Timo Trautmann from PROSTEP used additional practical application examples to illustrate the data-related potential that can be exploited using 3D PDF. KHS, a manufacturer of filling and packaging systems, for example, expects 3D PDF-based assembly planning to result in considerable time savings.
Thanks to a database containing the most common assembly activities, costs and times, it enables not only more efficient and, more importantly, earlier planning but also the automatic derivation of assembly instructions in multiple languages. In addition, individual assembly steps can be animated interactively and displayed using the standard Acrobat Reader.
New possibilities in the web
In one of the two live demonstrations, Andreas Vogel from Theorie3.De showed how easy it is to animate 3D PDF documents or embedded 3D models using 3D PDF Pro to create virtual assembly instructions. In the second demonstration, Timo Trautmann used the example of a service content portal to show how 3D spare parts catalogs can be published in the web in HTML5 format. The portal now also gives service engineers the option of entering comments that are linked to the HTML5 file and stored on a cloud server. As Trautmann pointed out, this is a lean solution that does not require a separate database.

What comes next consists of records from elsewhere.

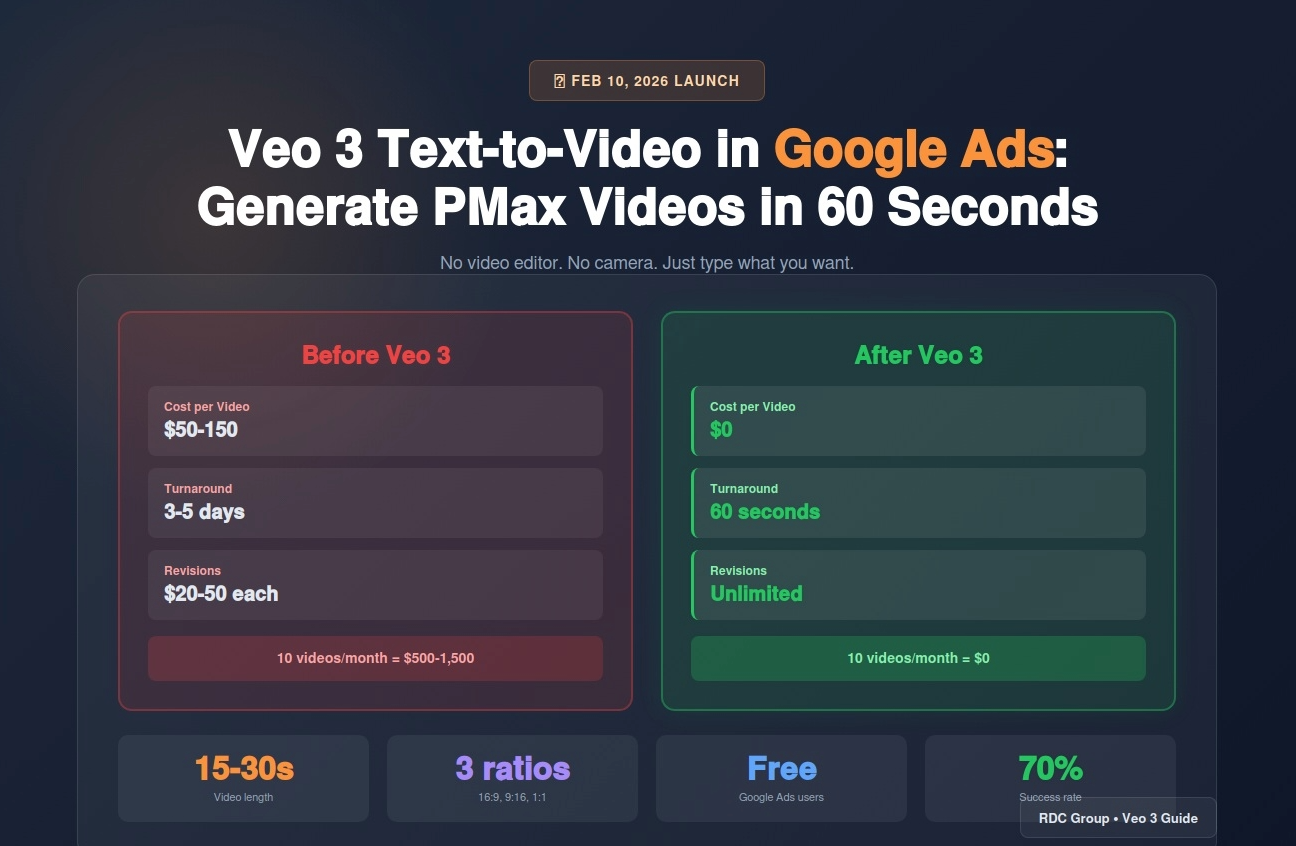 Google launched Veo 3 text-to-video in Asset Studio (Feb 2026). Generate Performance Max video ads from text prompts in 60 seconds. Here's how to use it and what actually works.
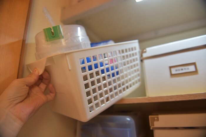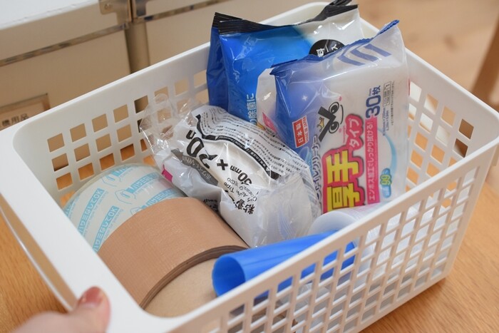 紙ごみを出すための梱包用フィルムやガムテープ、ビニールひも、ストックの掃除シートなどをカゴにまとめるだけでスッキリしますね。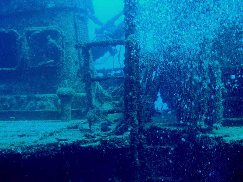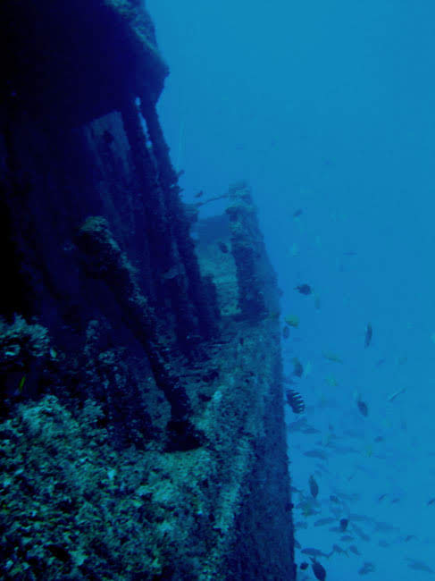 Grande naufrágio completamente desmantelado, estando aos 15m de profundidade.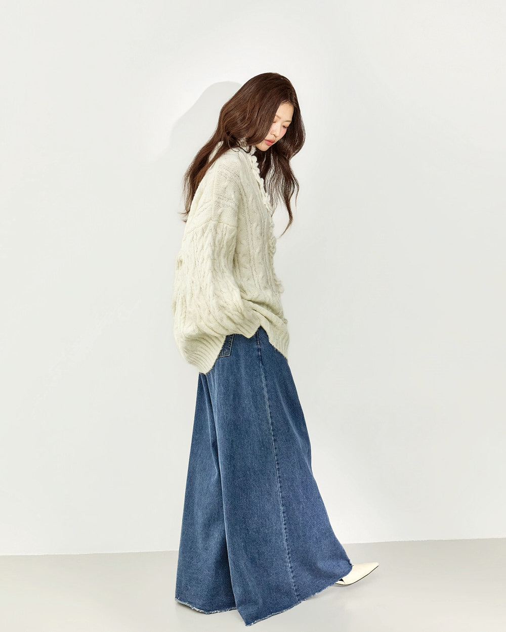 The 171cm model is wearing size ONE in IVORY.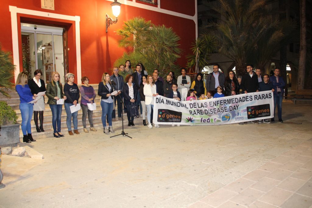 A las puertas del Ayuntamiento de Alhama de Murcia, la corporación municipal y miembros de la Asociación de Enfermedades Raras D´Genes dieron lectura a un manifiesto que recogía los principales puntos de la Declaración Institucional por el Día Mundial de las Enfermedades de la Federación Española de Enfermedades Raras (FEDER). El acto también contó con la asistencia de familias que conviven con patologías poco frecuentes y voluntarios de la asociación.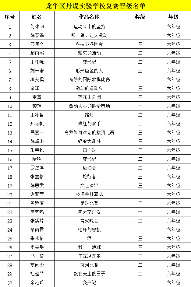 自2021年1月,活動征稿啟動以來,獲得了深圳市廣大中小學(xué)生、教師、文學(xué)愛好者的熱烈響應(yīng)積極參與,吸引了深圳百余所學(xué)校的上萬人關(guān)注報名?,F(xiàn)公布龍華區(qū)丹堤實驗學(xué)校晉級復(fù)賽名單如下:

PROSTEP will continue to develop the functionality of its 3D PDF-based service content solutions. The roadmap envisages, for example, the capability to enrich the maintenance portal with sensor data gathered during operation in order to provide support for digital twin applications. Kristian Haizmann from INSYS MICROELECTRONICS explained to the participants how integration in the real world of production will be implemented. The company manufactures routers for industrial data communication in which the digital twin can be mapped in order to support predictive maintenance by evaluating sensor data locally (edge computing) for example.

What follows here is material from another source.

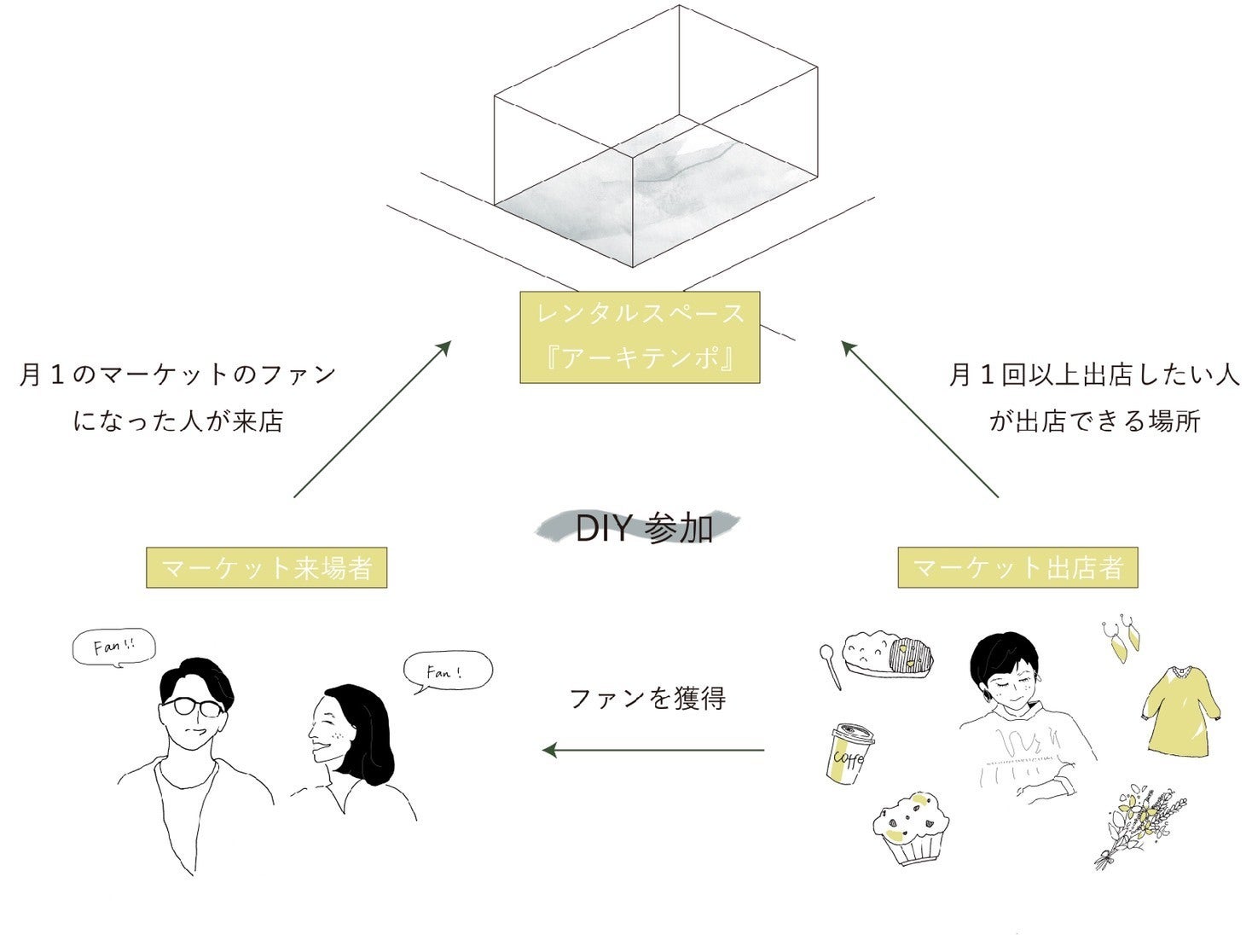 そこで、月に1回福知山ワンダーマーケットに参加してくれているお店の次のステップとして、1日単位での貸し出しを行う厨房付きレンタルショップを運営します。お客様もマーケットで好きになったお店が物量を増やして本格的なお店のように出店することを楽しむことができ、商店街に賑わいが生まれるのではないかと思っています。

The basic PDF technology itself is also evolving, as Ulrich Isermeyer from Adobe Systems illustrated in his presentation. Adobe now makes key features and workflows such as the annotation and signature of (scanned) PDF documents available in the cloud. PDF documents can also be displayed better on mobile devices. Liquid PDF ensures that they are converted to HTML5 format for display in Adobe Reader.

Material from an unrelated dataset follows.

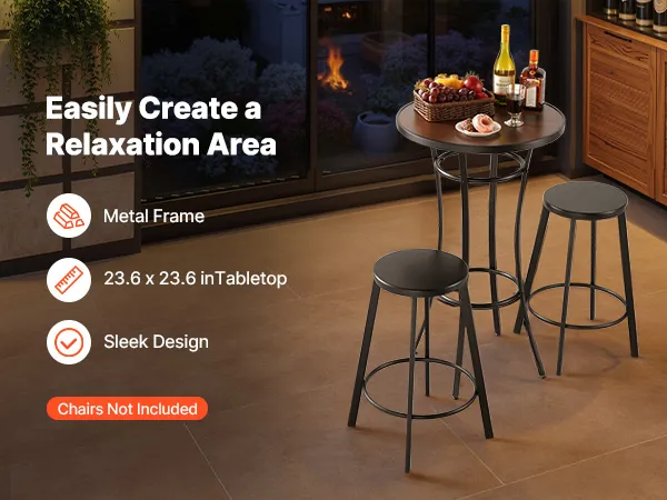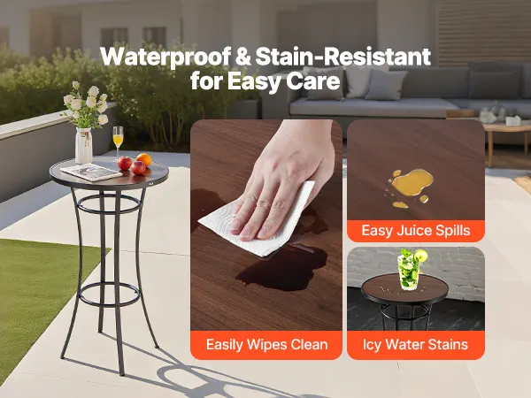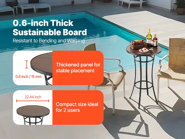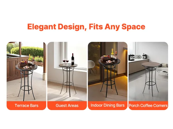 Unser runder Terrassenbartisch mit 60 cm Durchmesser verfügt über einen stabilen Metallrahmen mit einer PVC-beschichteten Tischplatte, die Verformungen und Biegungen widersteht. Ideal für Terrassenbars, Loungebereiche und Kaffeepausen auf der Veranda – dieser Terrassenbartisch eignet sich ideal für gemütliche Treffen oder zum Entspannen in der Freizeit.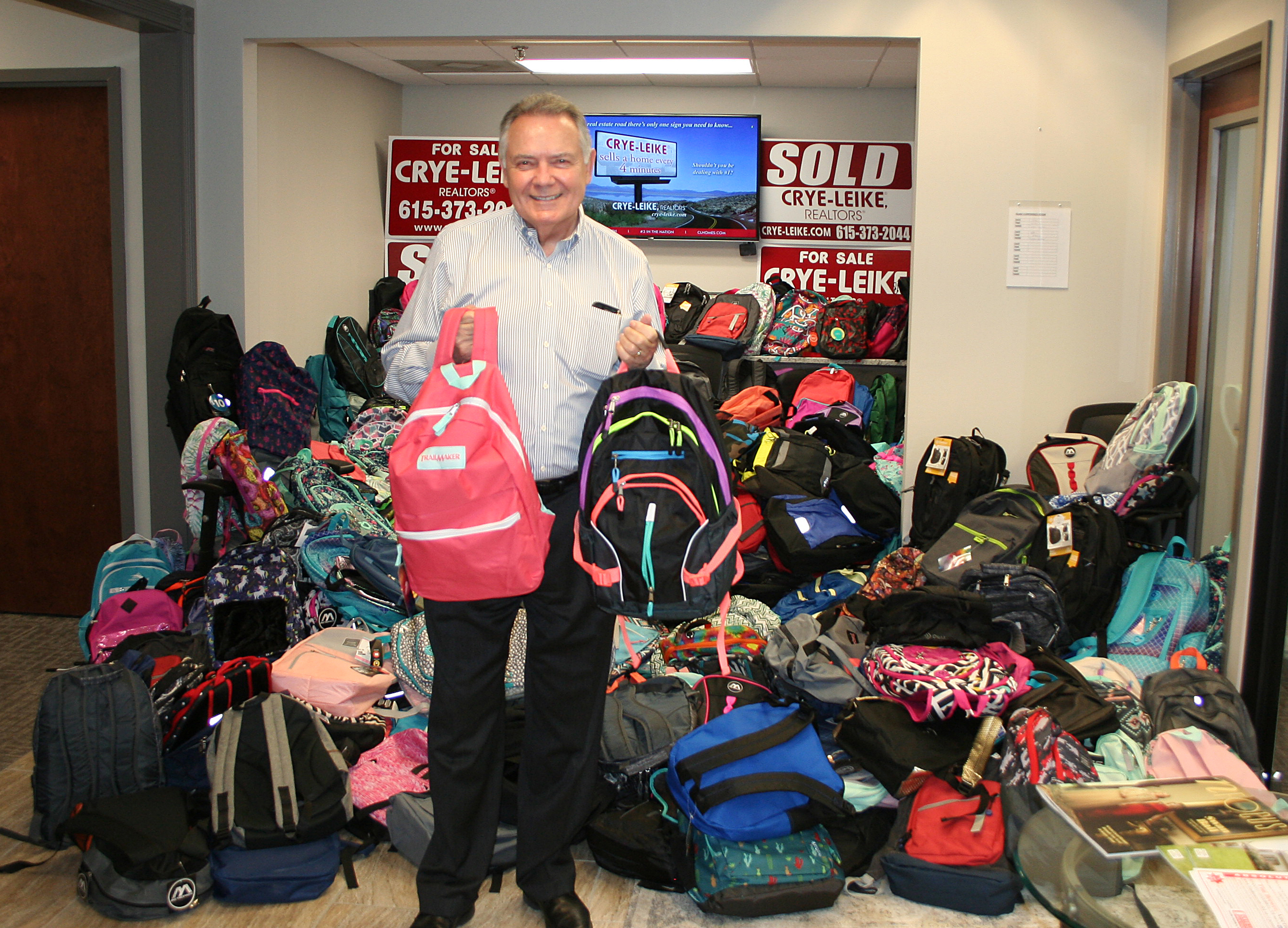 Nashville, TN: Crye-Leike Real Estate Services has teamed up with Youth Villages of Middle Tennessee to support the Backpack Heroes Program for the 19th consecutive year. This year, Crye-Leike broke its record, donating 494 backpacks full of school supplies to Youth Villages.

In the Worldcafé, the participants discussed fundamental questions such as the future of the documents and the purpose of 3D in the service department. Regardless of the technology employed, the use of 3D information in the service department often fails due to the companies’ lack of resources and the users’ lack of know-how when it comes to data preparation, concluded Andreas Vogel. Peter Pfalzgraf from PROSTEP summarized the results of his panel discussion as follows: “As long as the 3D master is not yet complete, documents will still be needed. They play a key role for archiving in particular.”